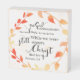 Bible verse from Romans 5:8 " But God demonstrates his own love for us in this: While we were still sinners, Christ died for us." featuring watercolor fall leaves foliage wreath wood box art.
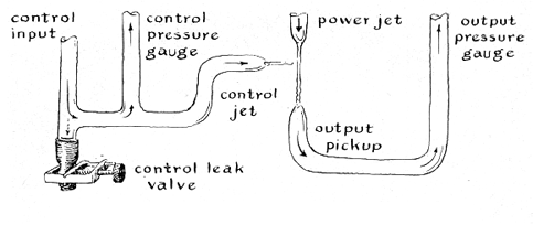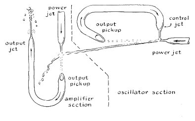 "The operation of a pure fluid oscillator is much easier to grasp than its electronic analogue. Water entering the power nozzle under pressure and flowing from it as a jet is received by the output nozzle and fed back through circuit tubing to the control nozzle. The resulting jet from the control nozzle momentarily deflects the power jet away from the output nozzle. The action is not instantaneous. Initially the control circuit is empty and a little time is needed for it to fill up. Even a full control tubing contains a few bubbles of air that must be compressed before the jet forms. The springiness of the bubbles corresponds to capacitance in the electrical analogue. In addition, the column of water in the control circuit has mass and is therefore characterized by inertia. The column cannot be instantaneously accelerated from rest to maximum velocity. The inertia corresponds to electrical inductance. As a result the power jet flows into the output jet for a finite interval and is then diverted for another finite interval, depending partly on the momentum of the control stream and partly on the energy stored in the compressed bubbles. The cycle is then repeated. The output consists of a series of unidirectional pulses, as does the output of a triode oscillator. I have not attempted to couple the oscillator to a 'tank' circuit for converting the unidirectional pulses into alternating flow. Such a tank might consist of a U-shaped tube. The output of the pure fluid oscillator would be fed into one arm of the U. Periodic pulses of incoming water would make water standing in the U tube oscillate at a frequency determined by the 'inductance' represented by the mass of the water column and the 'capacitance,' in this case represented by the force of gravity.
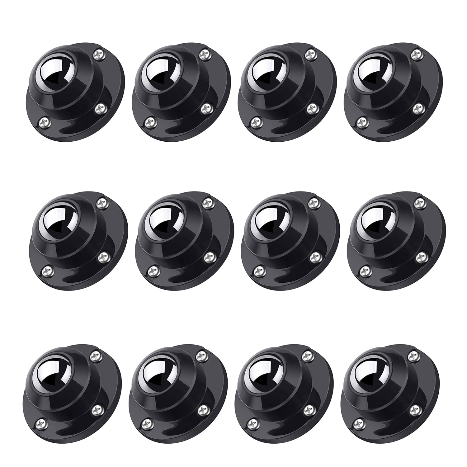 - 【Load Capacity】28 lbs each wheel. Total 110 lbs for 4 wheels, 220 lbs for 8 wheels, 330 lbs for 12 wheels. Wheel Size: Total height 24mm (1 inch) , mounting plate diamater 44mm (1-3/4 inch) , mounting hole diameter 4mm, distance between diagonal holes 36mm. Package Includes: Mini wheels x 12, adhesive pads x 12, screws x 48.
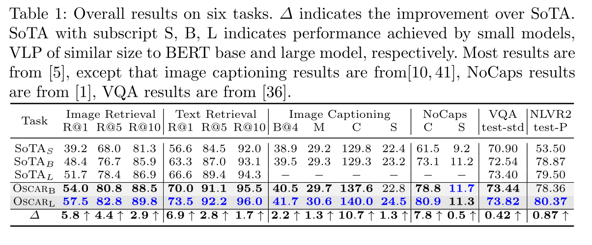 4.contributions:提出VLP模型Oscar,在多个V+Lbenchmarks上创纪录,针对他们的main idea开展了广泛的分析和实验论证。
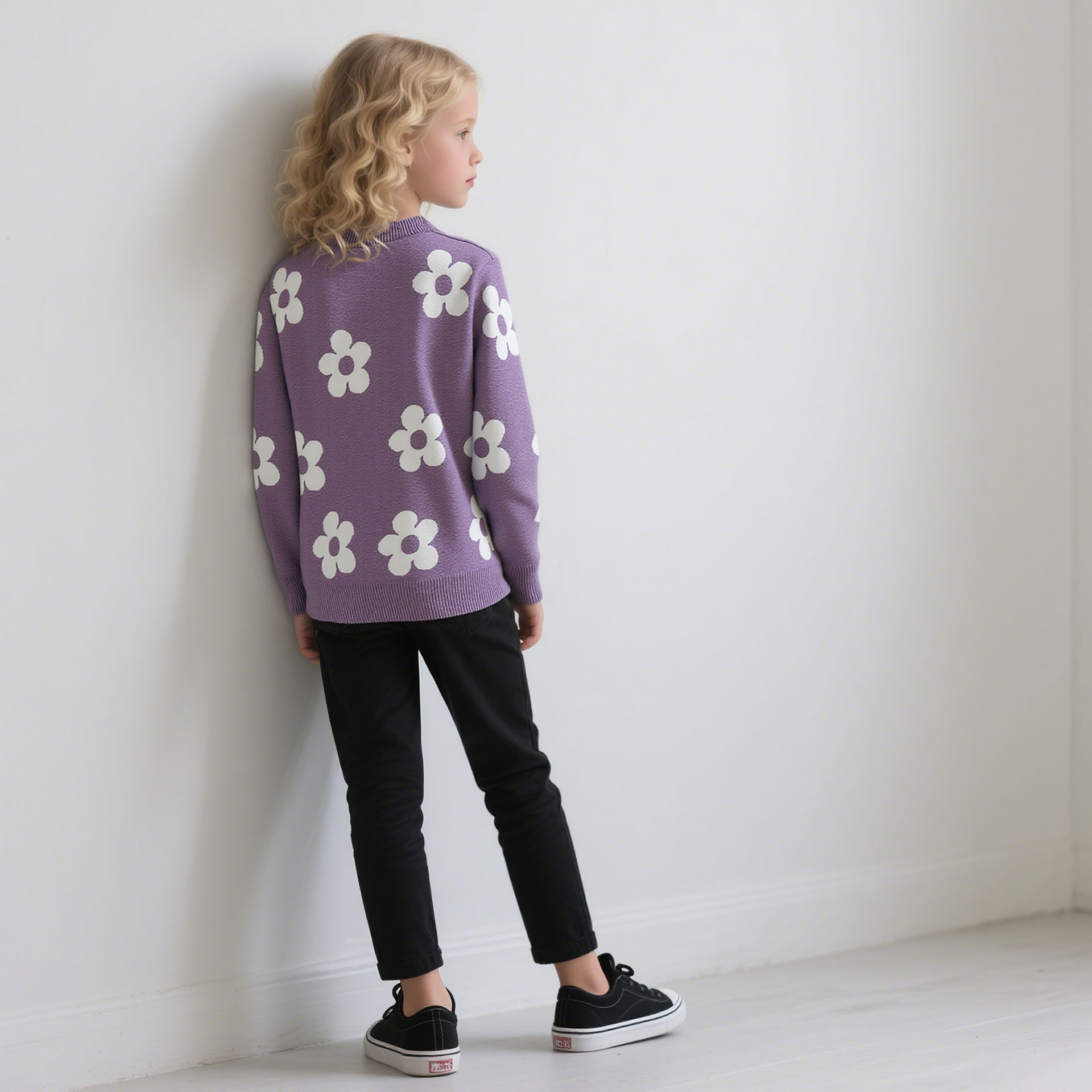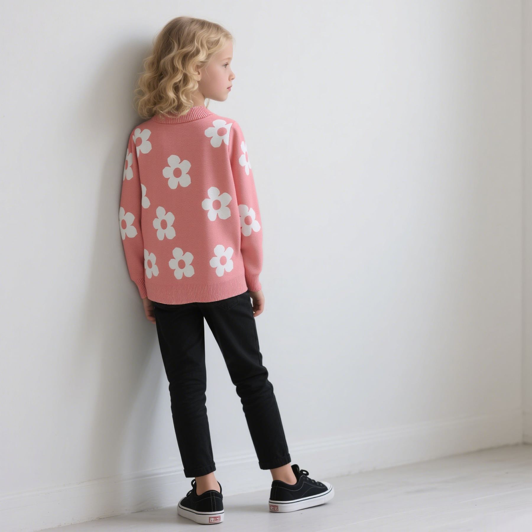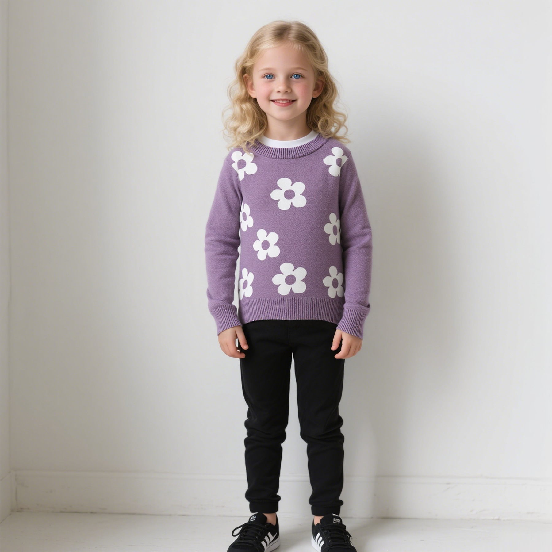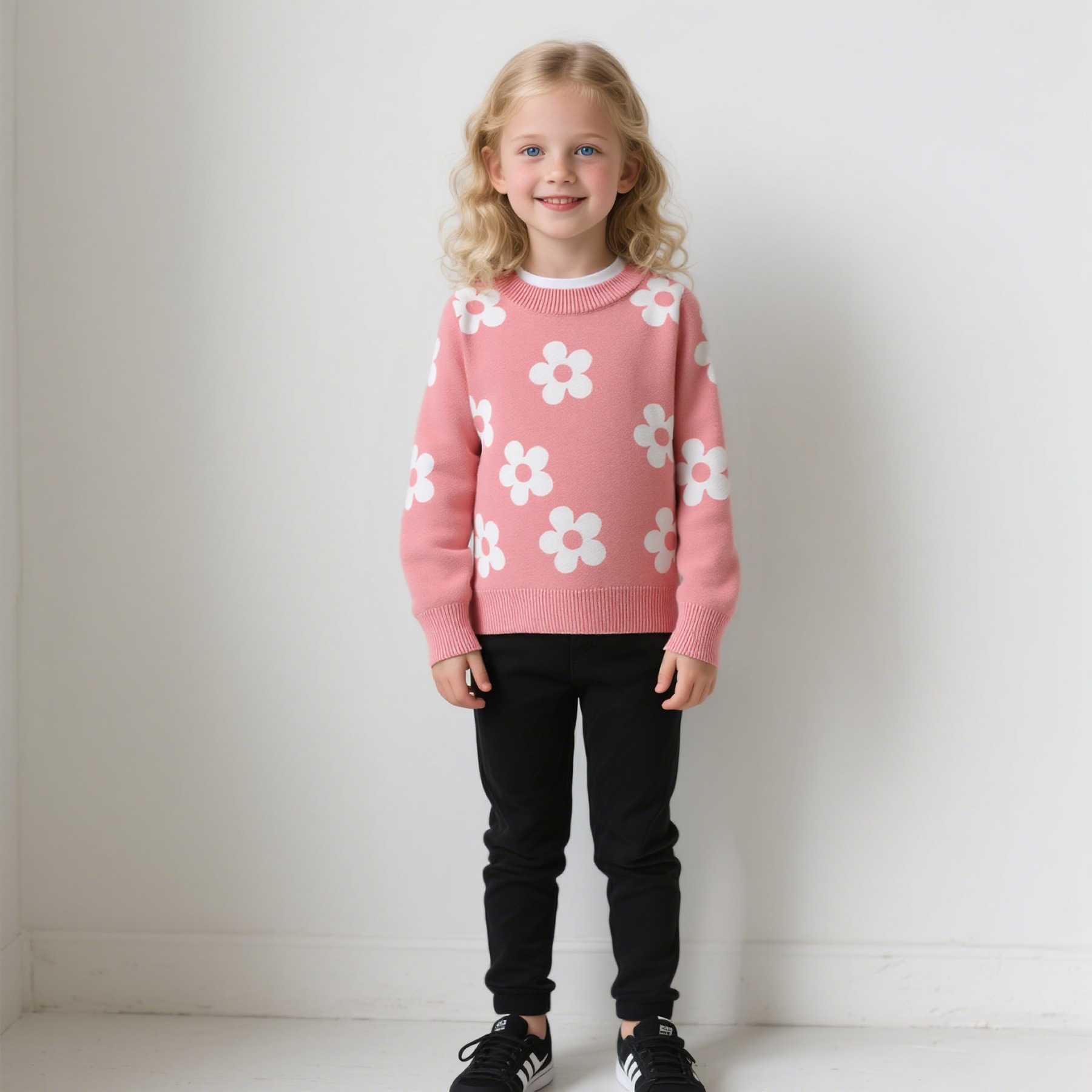 국경을 넘는 새로운 가을 겨울 여아 상의, 라운드 넥, 꽃무늬, 한국 스타일, 긴팔 꽃무늬 이너 스웨터 도매
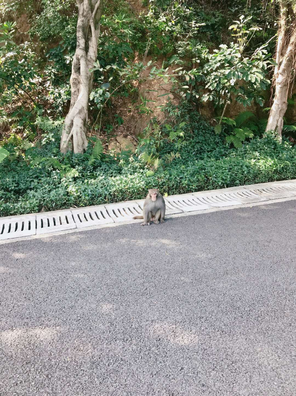 "這個(gè)東西很聰明,愛吃蘋果、香蕉和糖果,估計(jì)有三四十斤重,很肥。"今天上午,記者前往梅林山公園探訪猴子的蹤影。從梅山苑二期的梅林山公園入口一上公園主干道,記者就發(fā)現(xiàn)保安員陳先生正在路邊值守,梅林山公園管理處發(fā)現(xiàn)猴子后,就安排了保安員巡查看護(hù)。陳先生告訴記者,20日早上7點(diǎn)多猴子就出現(xiàn)在路邊,當(dāng)時(shí)公園人少,沒有討到吃的就走了。上午10點(diǎn)多,乘著游玩的人多猴子又跑出來湊熱鬧,保安員發(fā)現(xiàn)后拿了香蕉、橘子和糖果給它,猴子也一點(diǎn)不客氣,從人手里接過來就吃。原本靜謐的公園隨著猴子的出現(xiàn)熱鬧起來,圍觀的市民也紛紛慷慨解囊。這只胖乎乎的猴子一點(diǎn)也不怕人,最近時(shí)距離人不到一米遠(yuǎn),大家也親切叫它"肥仔"。
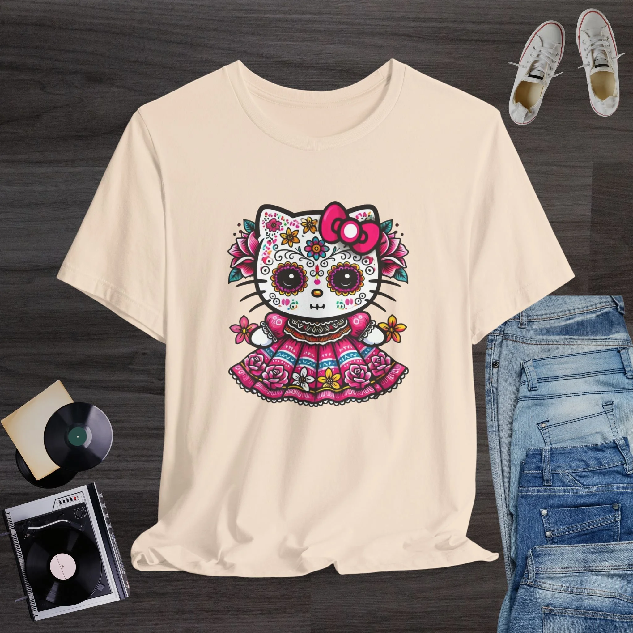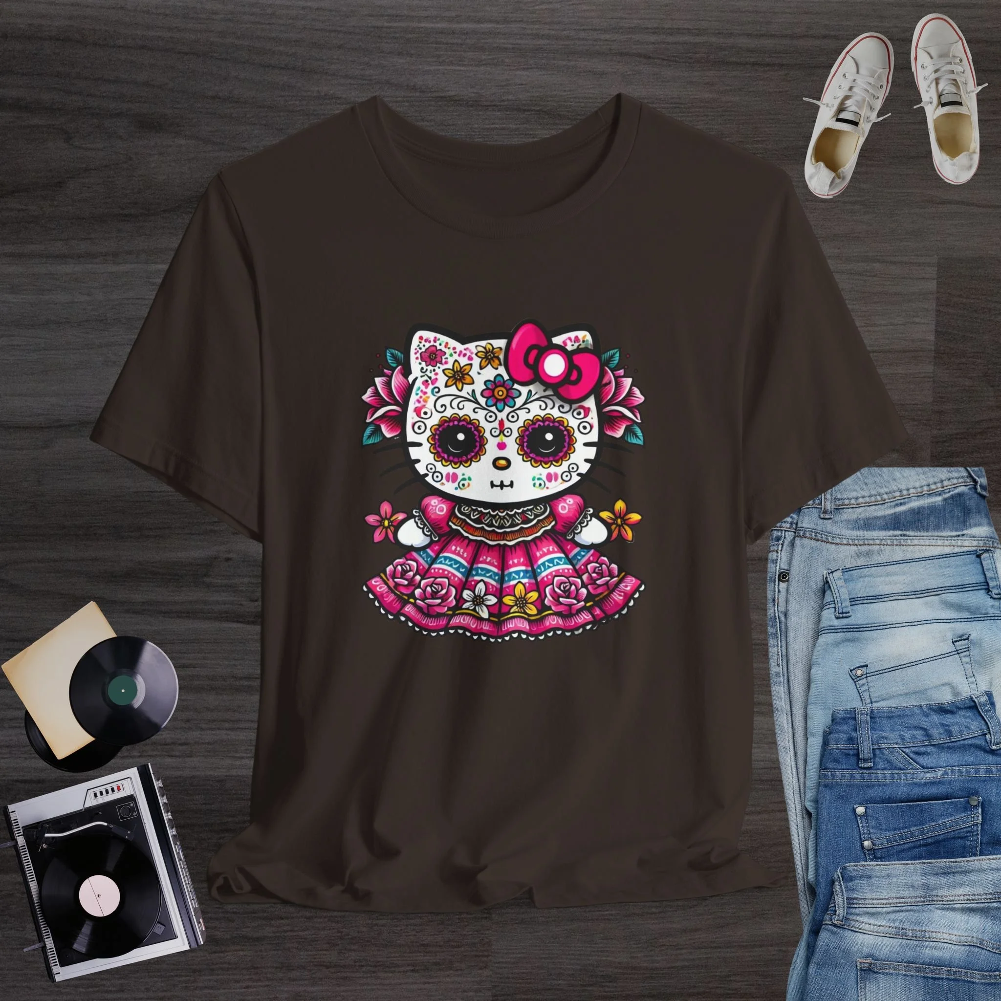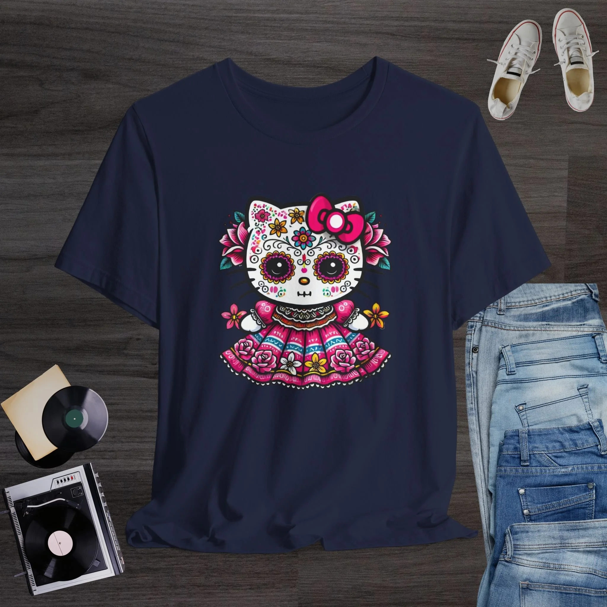 Celebrate the beauty of Día de los Muertos with this stunning and colorful sugar skull kitty T-shirt! Featuring a cute hello kitty decorated with traditional Day of the Dead face paint, vibrant flowers, and an ornate folkloric dress, this design blends cultural charm with kawaii sweetness. The bright pinks, yellows, and blues create a striking and festive look perfect for Día de los Muertos events, fall celebrations, Hispanic Heritage Month, and lovers of bold, artistic fashion. Printed on a soft and comfortable tee, it’s a meaningful and eye-catching piece for anyone who appreciates Mexican culture, floral artwork, and unique holiday designs.

# # # #

> **Task instructions**
Could you transcribe the material above exactly, keeping every picture out?

> **Result for this task**
 Bible verse from Romans 5:8 " But God demonstrates his own love for us in this: While we were still sinners, Christ died for us." featuring watercolor fall leaves foliage wreath wood box art.
 "The operation of a pure fluid oscillator is much easier to grasp than its electronic analogue. Water entering the power nozzle under pressure and flowing from it as a jet is received by the output nozzle and fed back through circuit tubing to the control nozzle. The resulting jet from the control nozzle momentarily deflects the power jet away from the output nozzle. The action is not instantaneous. Initially the control circuit is empty and a little time is needed for it to fill up. Even a full control tubing contains a few bubbles of air that must be compressed before the jet forms. The springiness of the bubbles corresponds to capacitance in the electrical analogue. In addition, the column of water in the control circuit has mass and is therefore characterized by inertia. The column cannot be instantaneously accelerated from rest to maximum velocity. The inertia corresponds to electrical inductance. As a result the power jet flows into the output jet for a finite interval and is then diverted for another finite interval, depending partly on the momentum of the control stream and partly on the energy stored in the compressed bubbles. The cycle is then repeated. The output consists of a series of unidirectional pulses, as does the output of a triode oscillator. I have not attempted to couple the oscillator to a 'tank' circuit for converting the unidirectional pulses into alternating flow. Such a tank might consist of a U-shaped tube. The output of the pure fluid oscillator would be fed into one arm of the U. Periodic pulses of incoming water would make water standing in the U tube oscillate at a frequency determined by the 'inductance' represented by the mass of the water column and the 'capacitance,' in this case represented by the force of gravity.
 - 【Load Capacity】28 lbs each wheel. Total 110 lbs for 4 wheels, 220 lbs for 8 wheels, 330 lbs for 12 wheels. Wheel Size: Total height 24mm (1 inch) , mounting plate diamater 44mm (1-3/4 inch) , mounting hole diameter 4mm, distance between diagonal holes 36mm. Package Includes: Mini wheels x 12, adhesive pads x 12, screws x 48.
 4.contributions:提出VLP模型Oscar,在多个V+Lbenchmarks上创纪录,针对他们的main idea开展了广泛的分析和实验论证。
 국경을 넘는 새로운 가을 겨울 여아 상의, 라운드 넥, 꽃무늬, 한국 스타일, 긴팔 꽃무늬 이너 스웨터 도매
 "這個(gè)東西很聰明,愛吃蘋果、香蕉和糖果,估計(jì)有三四十斤重,很肥。"今天上午,記者前往梅林山公園探訪猴子的蹤影。從梅山苑二期的梅林山公園入口一上公園主干道,記者就發(fā)現(xiàn)保安員陳先生正在路邊值守,梅林山公園管理處發(fā)現(xiàn)猴子后,就安排了保安員巡查看護(hù)。陳先生告訴記者,20日早上7點(diǎn)多猴子就出現(xiàn)在路邊,當(dāng)時(shí)公園人少,沒有討到吃的就走了。上午10點(diǎn)多,乘著游玩的人多猴子又跑出來湊熱鬧,保安員發(fā)現(xiàn)后拿了香蕉、橘子和糖果給它,猴子也一點(diǎn)不客氣,從人手里接過來就吃。原本靜謐的公園隨著猴子的出現(xiàn)熱鬧起來,圍觀的市民也紛紛慷慨解囊。這只胖乎乎的猴子一點(diǎn)也不怕人,最近時(shí)距離人不到一米遠(yuǎn),大家也親切叫它"肥仔"。
 Celebrate the beauty of Día de los Muertos with this stunning and colorful sugar skull kitty T-shirt! Featuring a cute hello kitty decorated with traditional Day of the Dead face paint, vibrant flowers, and an ornate folkloric dress, this design blends cultural charm with kawaii sweetness. The bright pinks, yellows, and blues create a striking and festive look perfect for Día de los Muertos events, fall celebrations, Hispanic Heritage Month, and lovers of bold, artistic fashion. Printed on a soft and comfortable tee, it’s a meaningful and eye-catching piece for anyone who appreciates Mexican culture, floral artwork, and unique holiday designs.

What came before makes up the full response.